Demise of the high street
With non-essential stores closed, and many people either unable or willing to leave their homes during 2020, footfall on the UK’s high streets was down by more than 43 percent on the previous year. At the same time, spending online was almost 35 percent up, accounting for more than 30 percent of total retail sales.
Even before the pandemic, a combination of increased digitization, falling footfall, and rising costs had hit physical retailers hard. Big names including Karen Millen, Mothercare, and Toys”R”Us had already vanished from the high street. And more are set to follow. Just recently, online fast-fashion retailer Boohoo bought the online businesses of high street staples Debenhams, Dorothy Perkins, and Burton. Importantly, their hundreds of physical stores and thousands of employees were not included in the purchase.
E-commerce meanwhile has been evolving the customer experience away from just products available on a website – the best online sellers curate their selection, present it with a lot of detail and great photography, often providing articles and commentary on broader topics. They also engage their customers and sell on social media engagement, provide live chat and host events, even offering the ability to try on clothes, jewellery and watches virtually! They have managed to take the best (and most fun!) bits of the in-store shopping experience and improve it online. As shop doors open once again, physical retailers are learning how to bring the best bits of the online experience in-store to compete with their e-commerce counterparts.
Health and safety concerns
One of the most important things for physical retailers to consider is just how much consumers’ attitudes to shopping have changed as a result of the pandemic. Social distancing is now the norm, and concerns around spreading the virus have made people wary of handling physical items.
According to McKinsey, fears around the transmission of COVID-19 have seen global cash payments over the last 12 months fall at around four or five times the annual rate of decrease of the past few years. While cash is likely to remain in use for some time yet, retailers should offer safety-conscious customers a greater choice of contactless payment options, such as card and mobile wallet.

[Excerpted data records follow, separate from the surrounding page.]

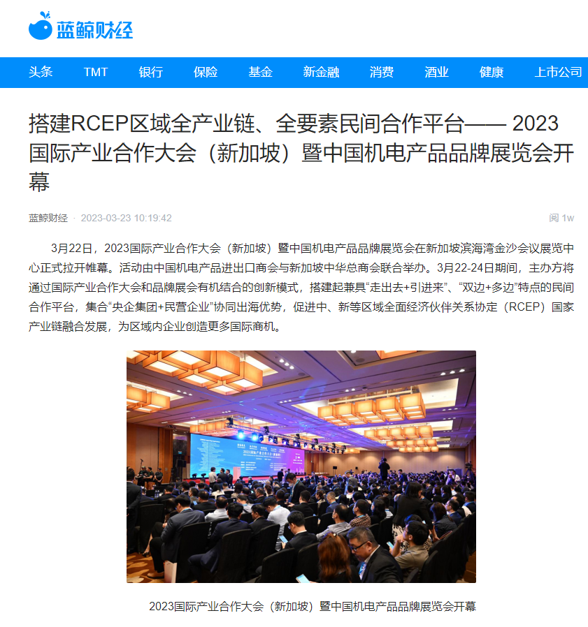 ✦ 藍鯨財經:搭建RCEP區域全產(chan) 業(ye) 鏈、全要素民間合作平台—— 2023國際產(chan) 業(ye) 合作大會(hui) (新加坡)暨中國機電產(chan) 品品牌展覽會(hui) 開幕
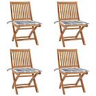 vidaXL Hopfällbara trädgårdsstolar med dynor 4 st massiv teak 3072821
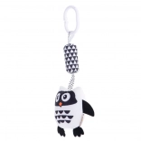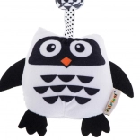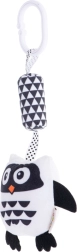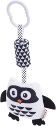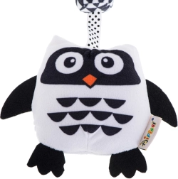 Das hängende Spielzeug in Form einer Eule ist aus weichen und angenehmen Materialien gefertigt, die auf die Bedürfnisse der kleinsten Kinder abgestimmt sind. Der Clip gewährleistet eine einfache Befestigung am Kinderwagen, Bettchen oder Tragegerät. Dank der unterschiedlichen Oberflächentexturen stimuliert das Spielzeug den Tastsinn der Kinder. Die Rassel und raschelnde Elemente stimulieren das Gehör, während der Einsatz von kontrastreichen Farben die visuellen Sinne fördert. Das schwarz-weiße Design ist die beste Wahl für Babys, die noch keinen vollständig entwickelten Sehsinn haben.
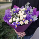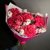Нежный авторский букет с пионовидными розами, хризантемой ньютон и диантусами
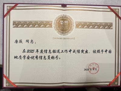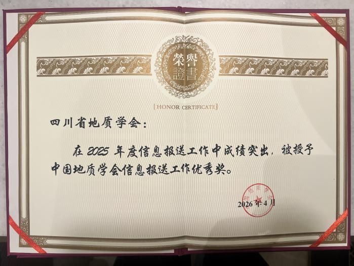 会议还对年度先进集体与个人进行表彰。四川省地质学会凭借扎实的工作成效,一举斩获2025年度优秀信息员、2025年度信息报送工作优秀奖、2025年度工作优秀奖三项重磅荣誉。三项荣誉的获得,是中国地质学会对我会过去一年工作的认可与鼓励,凝聚着上级主管部门的悉心指导,也是学会全体人员踏实履职、稳步推进各项工作的成果体现。
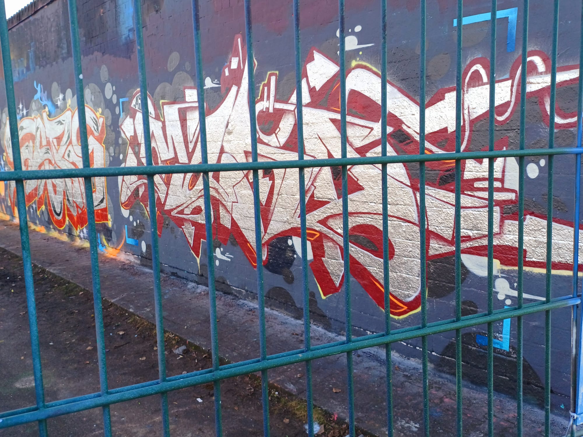 The graffiti on the left is from FABS and the graffiti around the corner to the right was made by SAMK
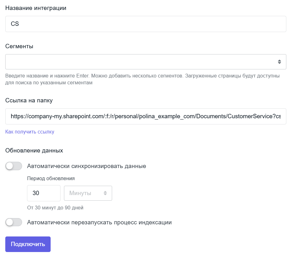 Интеграция позволяет загружать данные из папки Microsoft OneDrive в базу знаний, автоматически синхронизировать и переиндексировать их.
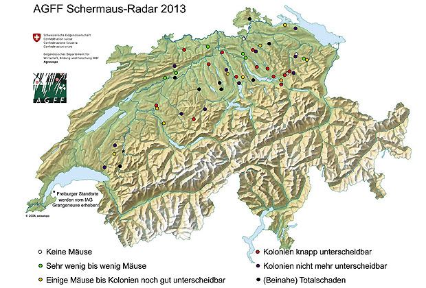 Je mehr Mäuse auf der Fläche leben, desto grösser werden die Schäden. Bei 200 bis 500 Mäusen pro Hektare ist die Hälfte der Fläche nicht mehr bewachsen, der Ertragsausfall beläuft sich auf bis zu 70 Prozent. Fällig wird eine Neuansaat, das heisst für den Bauern oder den Lohnunternehmer pflügen, eggen, säen und Säuberungsschnitt durchführen. Der Schaden: 1890 Franken pro Hektare.

This increased concern around personal protection has seen a rise in the use of click-and-collect services. Although they’ve steadied since, the first month of lockdown saw demand for these services grow threefold. With a quarter of shoppers expressing a preference for click-and-collect over home delivery, it’s clearly a desirable addition to any retailer’s offering. But retailers could also use this functionality to take a deposit to reserve items in-store, allowing a customer to visit when it is convenient for them and know it won’t be out of stock.
And going further than that – consumers are now used to booking time slots online, video calls and online appointments; physical retailers can use that to get people safely into their stores, either at a time that suits them when the store is quiet, or even virtually for “video tours” of the products on sale.

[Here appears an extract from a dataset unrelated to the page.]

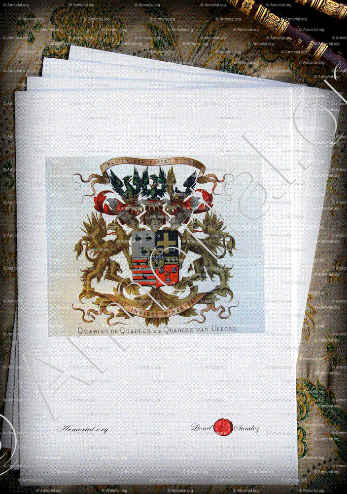 A la vérité, les QUARLES de QUARLES en QUARLES van UFFORD ont, eux aussi, écrit l’histoire, à l’ombre de grands personnages ; et les armoiries QUARLES de QUARLES en QUARLES van UFFORD ne suffisent pas à expliquer les raisons de votre curiosité.
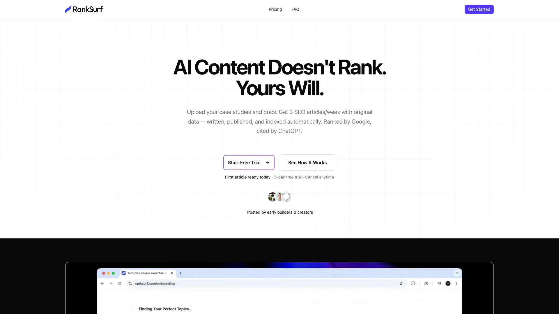 - SEO-Optimized Content Creation: RankSurf generates SEO-optimized articles from your unique data, ensuring high rankings in both Google and AI search engines.

The biggest thing that may come out of this pandemic for the high street, is the resurgence in the desire to support our local communities and small businesses. Most of us have got used to staying in our local areas, and we want to support our local business communities.
Small businesses are forming Facebook groups to create local communities, and working harder to understand their customers – who are the most loyal, where they travel from, what they need – and using that data to focus their marketing efforts. Consumers are also making more effort to buy local – emailing or phoning ahead, or buying over the phone, so that they can collect something from a local store on their daily walk.
Implementing and communicating these solutions requires retailers to have an online presence. After all, it’s hard for a store to replicate its e-commerce competitors if it’s not playing on the same field. But COVID-19 has forced many physical retailers to make this jump online, where previously they may have hesitated or not seen the need, with more retailers engaging much more actively in online marketing and social media to reach their customers. The huge jump in business through Shopify, and the launch of Instagram shops shows how quickly physical retail is going online.
The fact is, COVID-19 has changed the face of retail. High streets, already suffering due to rent increases and the increasing advance of e-commerce, have been largely shuttered for months. If brick-and-mortar stores are to thrive, let alone survive, they must take inspiration from online retailers as they adapt to the new normal.